● Aim of the exercise:
Reproduce only the lines of the material below that start at the line containing "Încărcați cu 235" and stop at the line containing "Szklane listki mocowane". Keep both end lines.

● Input records:

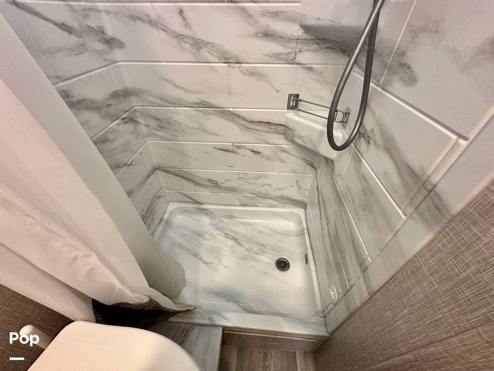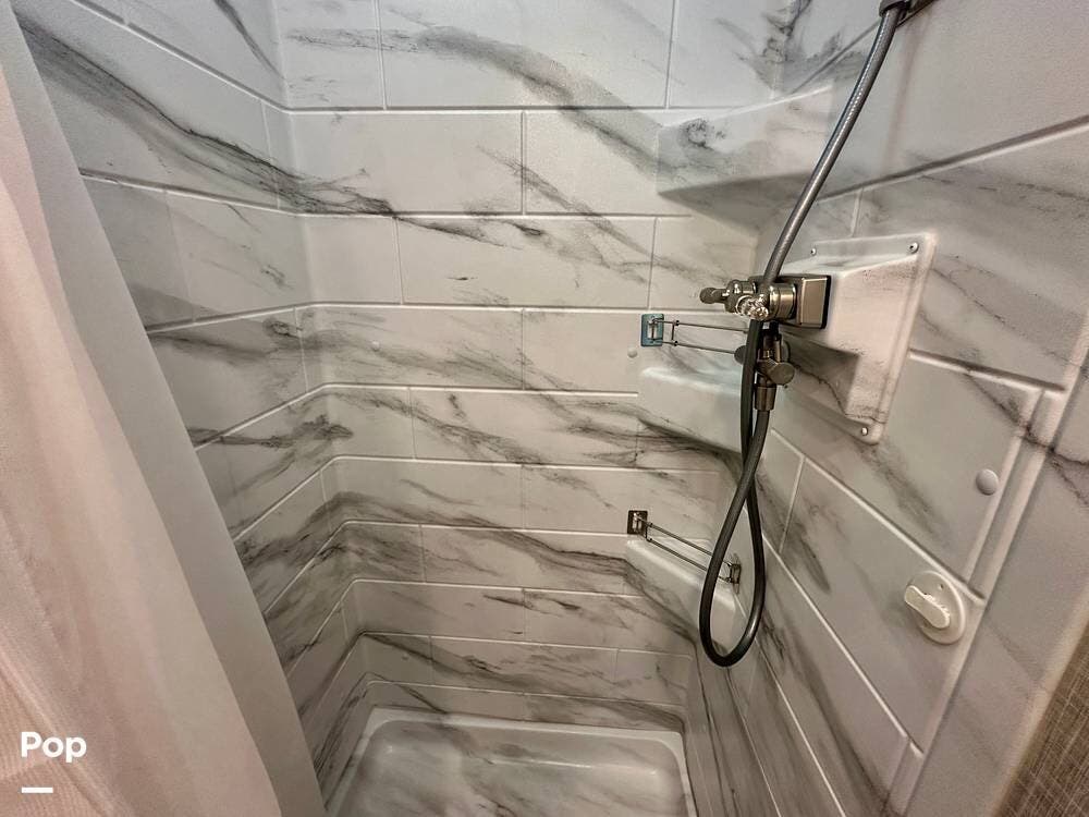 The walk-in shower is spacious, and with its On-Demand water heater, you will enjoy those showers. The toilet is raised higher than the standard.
...
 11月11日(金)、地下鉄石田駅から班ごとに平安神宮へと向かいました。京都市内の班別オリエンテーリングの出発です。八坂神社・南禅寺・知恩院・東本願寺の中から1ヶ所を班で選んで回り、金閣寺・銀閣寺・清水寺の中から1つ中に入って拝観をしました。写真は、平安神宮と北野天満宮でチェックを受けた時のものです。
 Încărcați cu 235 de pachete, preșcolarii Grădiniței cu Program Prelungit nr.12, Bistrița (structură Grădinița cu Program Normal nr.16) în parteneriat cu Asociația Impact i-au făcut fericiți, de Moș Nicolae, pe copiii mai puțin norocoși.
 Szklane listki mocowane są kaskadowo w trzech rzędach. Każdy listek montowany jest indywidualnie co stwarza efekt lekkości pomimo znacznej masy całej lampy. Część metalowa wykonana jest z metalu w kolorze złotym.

● Output:
 Încărcați cu 235 de pachete, preșcolarii Grădiniței cu Program Prelungit nr.12, Bistrița (structură Grădinița cu Program Normal nr.16) în parteneriat cu Asociația Impact i-au făcut fericiți, de Moș Nicolae, pe copiii mai puțin norocoși.
 Szklane listki mocowane są kaskadowo w trzech rzędach. Każdy listek montowany jest indywidualnie co stwarza efekt lekkości pomimo znacznej masy całej lampy. Część metalowa wykonana jest z metalu w kolorze złotym.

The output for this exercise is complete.